▶ [Problem description]:
Quote, word for word, only the lines running from the line with "10 พ.ค. 2022" through the end of the listing. Leave out the pictures.

▶ [Data section]:
----------------

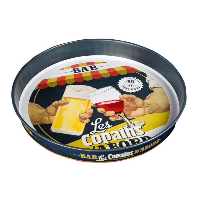 Servírovací podnos okrúhly "Les Copains d' abord" 34x5 cm, plechSkladom > 5 ks14,26 EUR/ ks
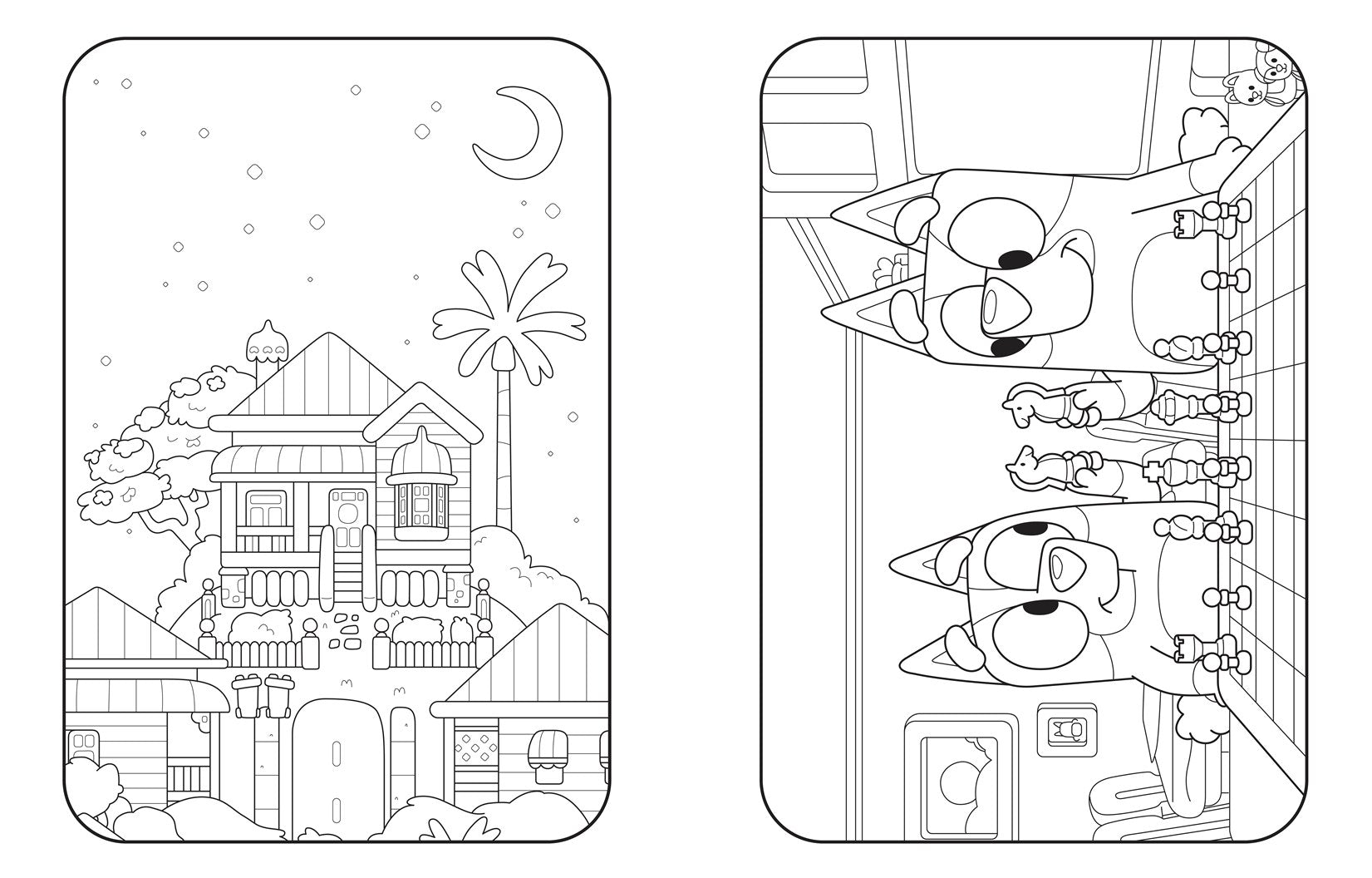 Draw Bluey and Bingo going camping, playing Barky Boats, being mermaids at the beach, and more! This coloring book bind-up includes 144 pages of Bluey and all her adventures with her friends and family. Perfect for road trips, rainy days, and plane rides!
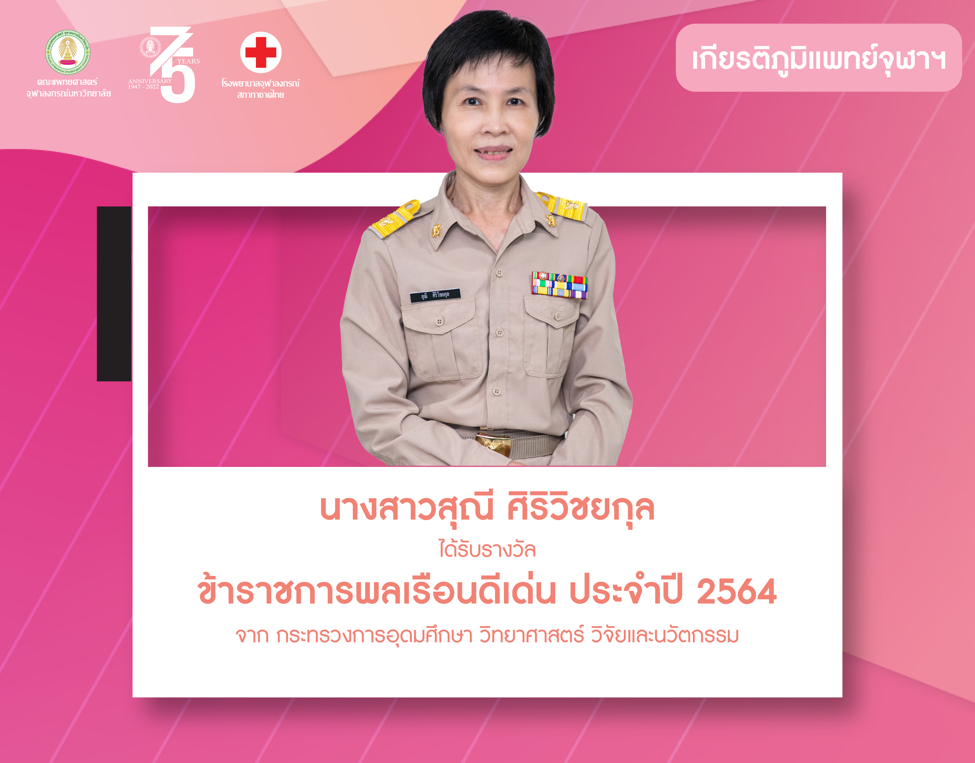 10 พ.ค. 2022 นางสาวสุณี ศิริวิชยกุล ได้รับรางวัล ข้าราชการพลเรือนดีเด่น ประจำปี 2564 จากกระการอุดมศึกษา วิทยาศาสตร์ วิจัยและนวัตกรรม /Tags#mdcu, chula, chulalongkorn, medicine, คณะแพทยศาสตร์จุฬาลงกรณ์มหาวิทยาลัย, คณะแพทยศาสตร์จุฬาฯ, คณะแพทย์จุฬาฯ, เกียรติภูมิแพทย์จุฬาฯ, แพทย์จุฬาฯ กลับไปหน้าข่าวประชาสัมพันธ์
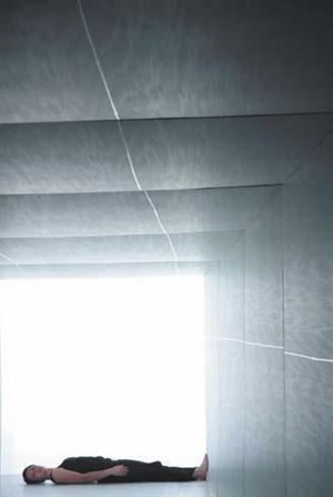 La pièce donne à voir trois corps aphones, comme trois états de vies projetés dans un tunnel de lumière.

----------------

▶ [Exercise answer]:
 10 พ.ค. 2022 นางสาวสุณี ศิริวิชยกุล ได้รับรางวัล ข้าราชการพลเรือนดีเด่น ประจำปี 2564 จากกระการอุดมศึกษา วิทยาศาสตร์ วิจัยและนวัตกรรม /Tags#mdcu, chula, chulalongkorn, medicine, คณะแพทยศาสตร์จุฬาลงกรณ์มหาวิทยาลัย, คณะแพทยศาสตร์จุฬาฯ, คณะแพทย์จุฬาฯ, เกียรติภูมิแพทย์จุฬาฯ, แพทย์จุฬาฯ กลับไปหน้าข่าวประชาสัมพันธ์
 La pièce donne à voir trois corps aphones, comme trois états de vies projetés dans un tunnel de lumière.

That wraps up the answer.